日本消化器内視鏡学会甲信越支部

49. 胃腫瘍に対する内視鏡的粘膜下層剥離術(ESD)の当院における導入期の現状

新潟県立中央病院 内科
平野 正明、湯田 知江、丸山 正樹、横山 恒、小堺 郁夫、藤原 敬人
新潟大学医歯学総合病院 消化器内科
津端 俊介

【目的】早期胃癌に対する内視鏡的粘膜下層剥離術(ESD)が本年4月より保険収載となり、その高い根治性からESDが標準治療化されつつある。その一方で、出血・穿孔などの合併症、手技的な難易度の高さから導入にあたっては高いハードルがあるのも事実と思われる。ESDのエキスパートがいない一般病院である当院のESD導入期の現状について検討した。【対象・方法】当院でのESDの適応基準は、胃腺腫と胃癌学会ガイドライン病変およびいわゆるガイドライン適応拡大病変を原則としているが、さまざまな理由により適応外病変も行うことがある。

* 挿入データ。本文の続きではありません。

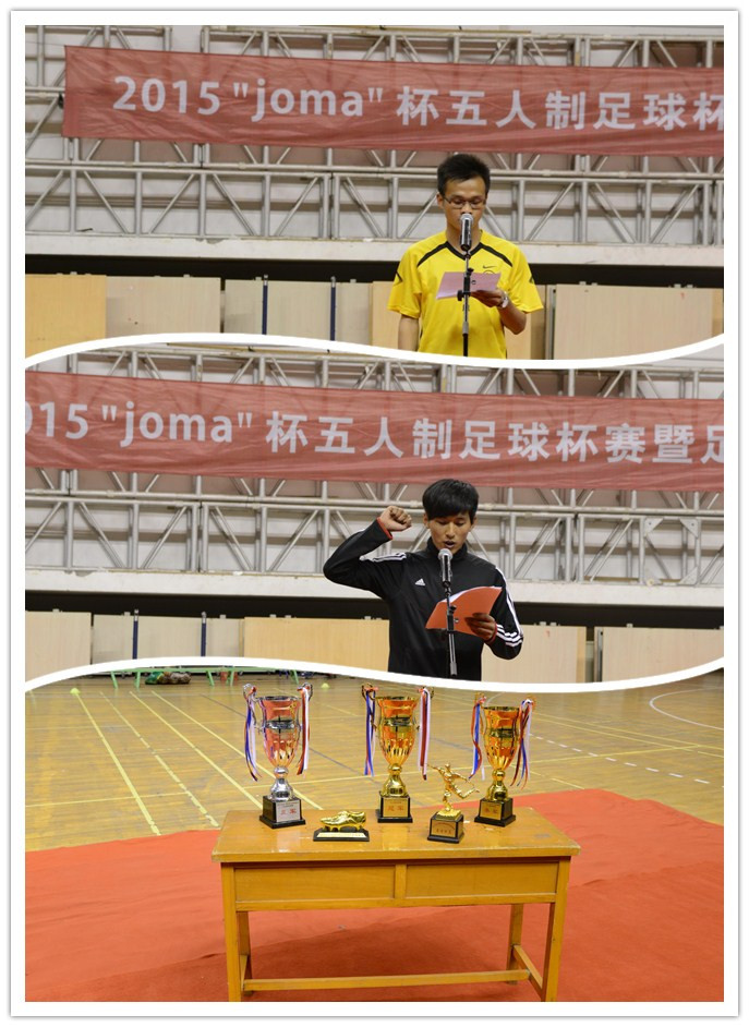 2015年4月17日晚18:30,永利集团第一届“joma”杯五人制足球杯赛开幕式在延安路校区体育馆举行,为接下来一个月的五人制足球赛拉开了帷幕。永利集团体育部主任朱江华、3044am永利集团官网党总支副书记叶晓燕,企业赞助方“joma”中国公司销售总监曾华、上海绝品体育有限公司总经理张伟出席本次开幕式。

当院では、2005年3月よりESDを導入し2006年9月までに100例を実施しており、一括切除率や一括治癒切除率等について検討した。【結果】当院で5例以上のESDを行った術者は4名であり、適宜、国立がんセンター中央病院への見学や佐久ESDライブデモ等への参加を行った。主に使用するデバイスは各術者によって異なり、ITナイフが2名、Flexナイフが1名、Hookナイフが1名であった。ESD症例の内訳は、胃腺腫が26%、適応内病変が48%、適応拡大病変が15%、適応外病変も11%含まれていた。当院全体での病変の一括切除率は87%、一括治癒切除率は74%であったが、各術者によるばらつきが認められた。切除標本径は35.9±14.4mm、腫瘍径は18.0±14.6mm、施行時間は106±76分であった。一括治癒切除し得た最大径は11cmの病変であり、270分を要した。合併症については、穿孔を6%に、後出血を5%に認めた。ESD導入当初の穿孔症例が手術になった以外は保存的に改善した。【結論】ESDは難易度の高い手技であるが、ライブデモへの参加や先進施設への見学などにより当院のような一般病院での導入も可能であった。しかし、一括切除率や一括治癒切除率はまだ満足すべき結果ではなく、また各術者による技術格差も認められ、今後院内での更なる手技の向上と標準化が必要と考えられた。